Karl Ulrich, Wharton’s Vice Dean for Innovation, takes a process view. He is the co-author of Innovation Tournaments, which describes a disciplined method for locating the right opportunities. Karl takes the participants through a tournament to see how to apply it. David Robertson [author of the new book Brick by Brick: How LEGO Rewrote the Rules of Innovation and Conquered the Global Toy Industry] describes how LEGO went from near-extinction to one of the world’s most innovative companies.

W@W: Do you also address risk assessment? Many companies aren’t sure what to invest in because of the cost. Isn’t risk a major stumbling block?

GD: Innovation is inherently risky. The companies that do it well, consistently, understand uncertainty and work to contain the risk. They don’t ignore the uncertainty — they build it into their agenda, using things like real options, acquisitions, insights into their market, and partnerships.

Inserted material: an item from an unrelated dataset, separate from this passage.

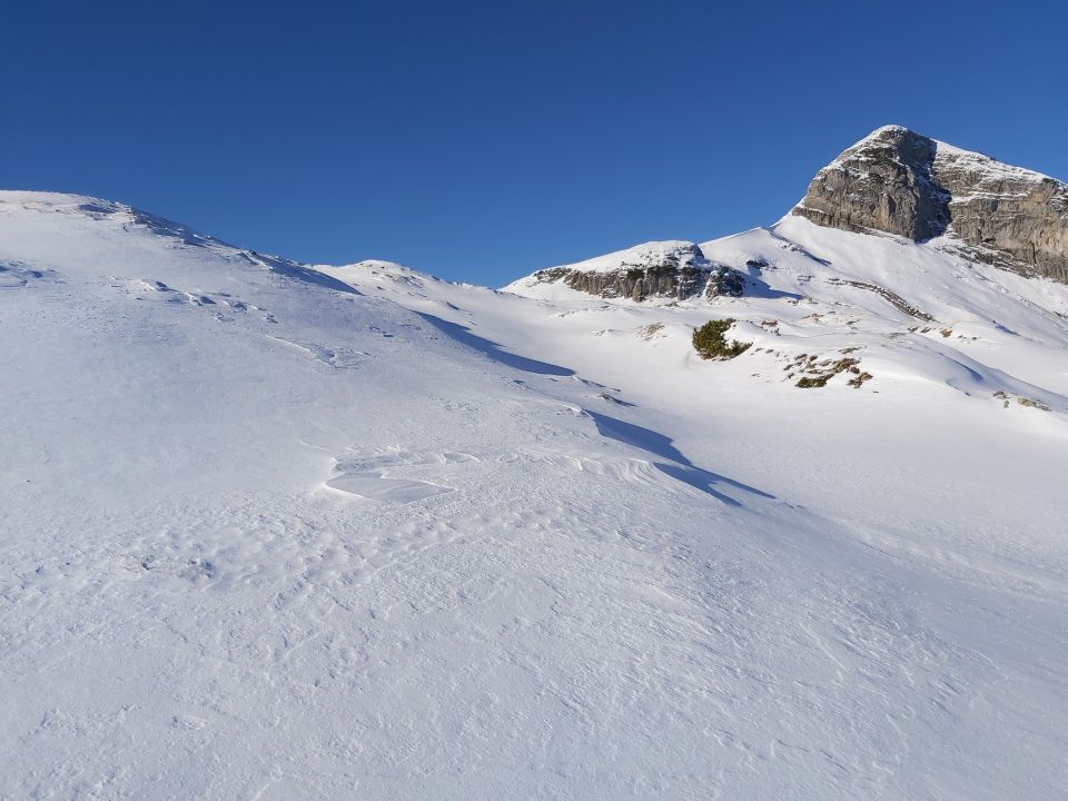 Die ideale Tour für heute, schönes Wetter, kurze (späte) Anreise, einmal sehr einsam, daher ein GUT, obwohl mit dem wenigen Schnee noch keine schönen Abfahrten möglich. (gut abfahren kann man aktuell in Ostschweiz/Vorarlberg nur in Skigebieten mit präparierten Pisten, mit viel mehr Hektik)

Open innovation is another way to deal with uncertainty. Our research at the Mack Institute for Innovation Management [where Day is co-director] has historically focused on open innovation, and we talk a lot about it in the program. It is a key capability and a way to manage the risks of uncertainty while getting access to more knowledge and ideas. But we also give participants a lot of tools for risk assessment. Roch Parayre takes them through a major tool for thinking about uncertainty and how to profit from it. His sessions on scenario planning give them hands-on help in learning how to do this.

W@W: The program has been running twice a year for the past six years. Have there been any changes?

GD: Yes, it has evolved and improved. We discover new best practices and we learn from leading companies and each other. We apply research from the Mack Institute. Over the years [the program] has become a mechanism for guiding the best companies to grow faster than their rivals. It’s not about innovation for the sake of innovation. The program is focused on innovation as a means to organic growth.